Aim of the exercise: Would you print out all of the data exactly and keep the pictures out of it?

Given material:
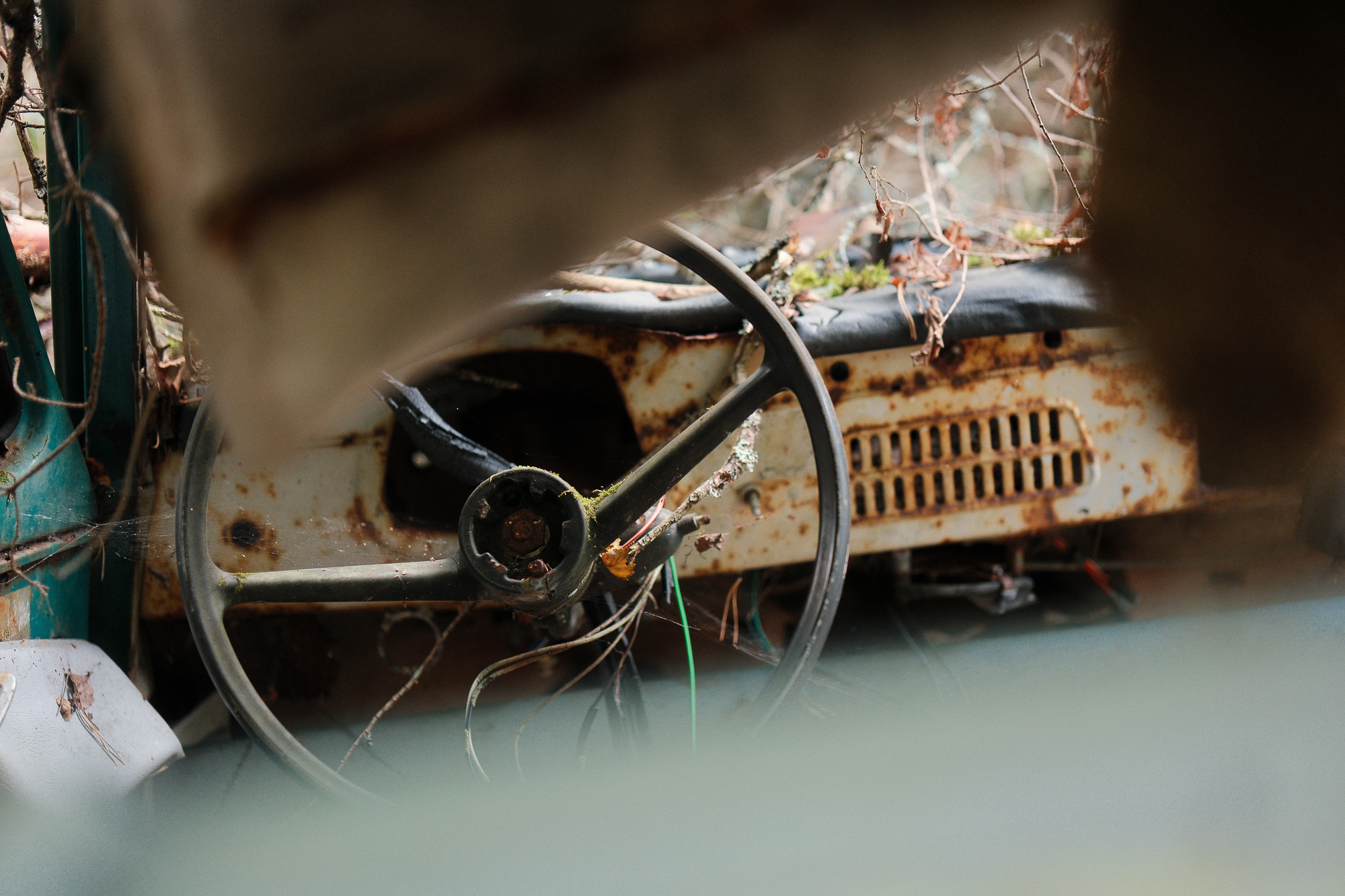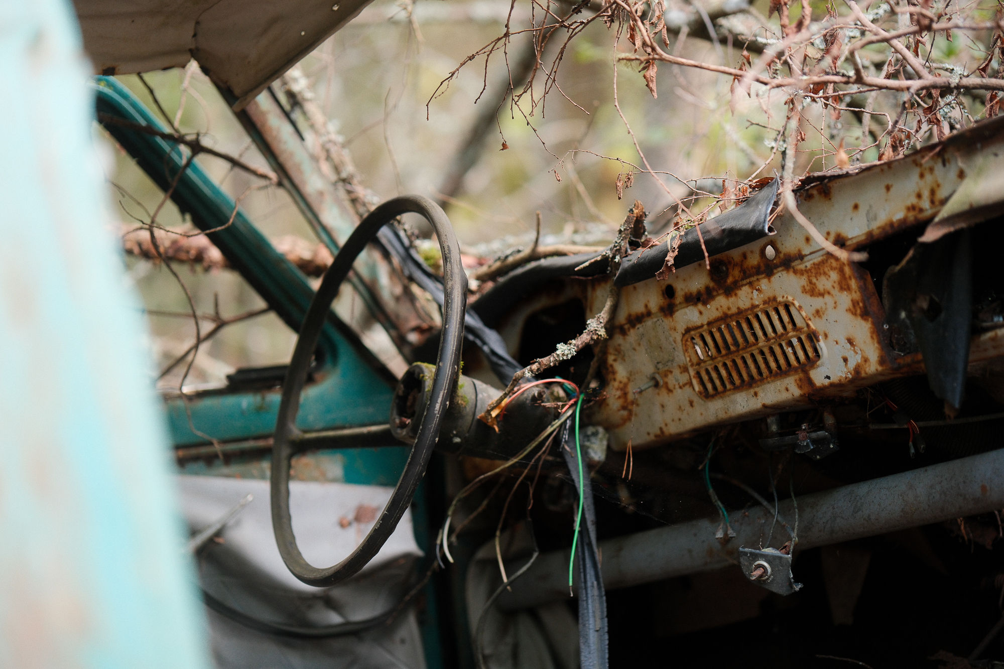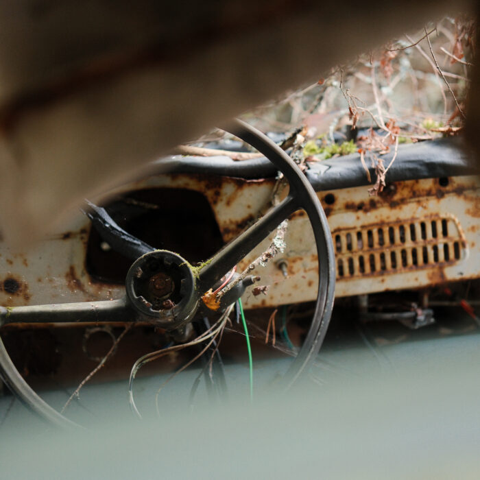 I ended up spending the entire afternoon there, without even noticing the time passing. It’s the kind of place that rewards slow movement. You take a few steps, and suddenly something catches your eye: a window frame eaten away by rust, a steering wheel sticking out of the ground like a fossil, a strip of faded blue paint glowing against the green.
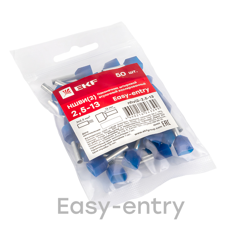 - EKF Наконечник штыревой втулочный НШвИ (2) 2,5-13 (50шт.) EKF (nhvi2-2.5-13)
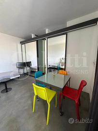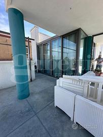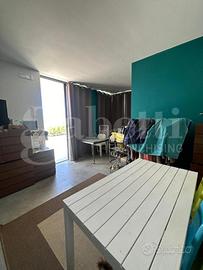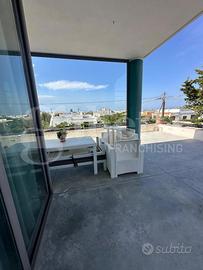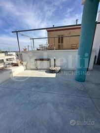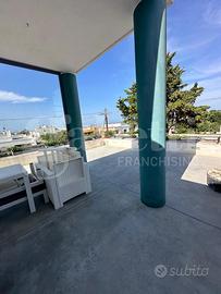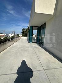 Un piano terra ed un primo piano composte da zona soggiorno, una zona pranzo, due camere da letto e due bagni oltre ad una veranda esterna per una superficie di circa 80 mq., oltre ad un vano cucina realizzato in adiacenza, della superficie 7 mq., vista mare.

Solution for this exercise:
 I ended up spending the entire afternoon there, without even noticing the time passing. It’s the kind of place that rewards slow movement. You take a few steps, and suddenly something catches your eye: a window frame eaten away by rust, a steering wheel sticking out of the ground like a fossil, a strip of faded blue paint glowing against the green.
 - EKF Наконечник штыревой втулочный НШвИ (2) 2,5-13 (50шт.) EKF (nhvi2-2.5-13)
 Un piano terra ed un primo piano composte da zona soggiorno, una zona pranzo, due camere da letto e due bagni oltre ad una veranda esterna per una superficie di circa 80 mq., oltre ad un vano cucina realizzato in adiacenza, della superficie 7 mq., vista mare.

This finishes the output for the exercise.